Paper Structure (48 sections, 4 figures)

This paper contains 48 sections, 4 figures.

Figures (4)

  • Figure 1: Evolution of LLMs powered applications and services from chatbots, to decision-making agents that can interact with applications and services with human-supervision, to autonomous LLM-agents interacting with LLM-powered apps and services with minimal and punctuated human supervision.
  • Figure 2: GoEx's runtime for executing RESTful API calls. Upon receiving the user's prompt, GoEx presents two alternatives. First, an LLM can be prompted to come up with the (Action, Undo-Action) pair. Second, the application developer can provide tuples of actions and their corresponding undo-actions (function calls) from which the LLM can pick amongst.
  • Figure 3: Runtime for executing actions on a database. We present two techniques to determine if a proposed action can be undone. On the left, for non-transactional databases like MongoDB, and for flexibility, we prompt the LLM to generate (Action, Undo-Action, test-bed) tuples, which we then evaluate in a isolated container to catch any false (Action, Undo-Action) pairs.

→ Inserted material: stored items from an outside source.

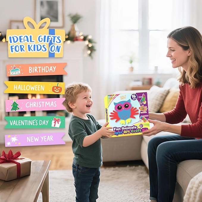 - Funny DIY Handprint Crafts Kit: The Package contains 1 gift box, 16 cute animal pattern cards, 1 double-sided adhesive tapes. It can unleash kid's creativity and fun with this delightful craft kit, your children will discover a fantastic universe in this paper crafts set, let them have a better way to take a fun animal world.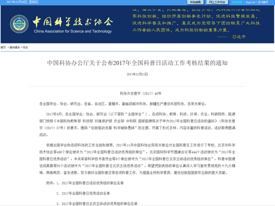 据了解,从2004年以来,全国科普日活动连续成功举办13年,对提高公民科学素质作出重要贡献。今年9月,按照《中国科协教育部 科技部 环境保护部 农业部 中科院 国家能源局关于举办2017年全国科普日活动的通知》,全国学会、各级科协、教育、科技、环保、农业、科研院所、能源部门围绕“创新驱动发展 科学破除愚昧”的主题,开展了形式多样、内容丰富的科普活动。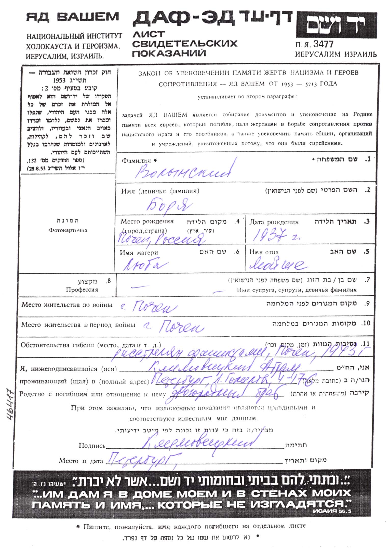 | Volinski | Boris | 1939 | Pochep, Russland (UdSSR) | Gedenkblatt |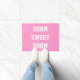 O dormitório doce do dormitório feminino original em uma esteira de porta bem-vinda na rotulação retro branca do time do colégio com um fundo bonito do rosa quente para sua decoração da sala do dormitório da faculdade. Está combinando artigos; um travesseiro decorativo, um candeeiro de mesa, uma porta copos da cortiça, uma cobertura do lance, etc.

On the right, we can provide a deterministic undo with guarantees by employing the transaction semantics of databases.
  • Figure 4: Runtime for executing actions on a filesystem. GoEx presents two abstractions. On the left, the LLM is prompted to come up with an (Action, Undo-Action, test-bed) which GoEx evaluates in a isolated container to catch any false (Action, Undo-Action) pairs. On the right presents deterministic guarantees by using versioning control system like Git or Git LFS.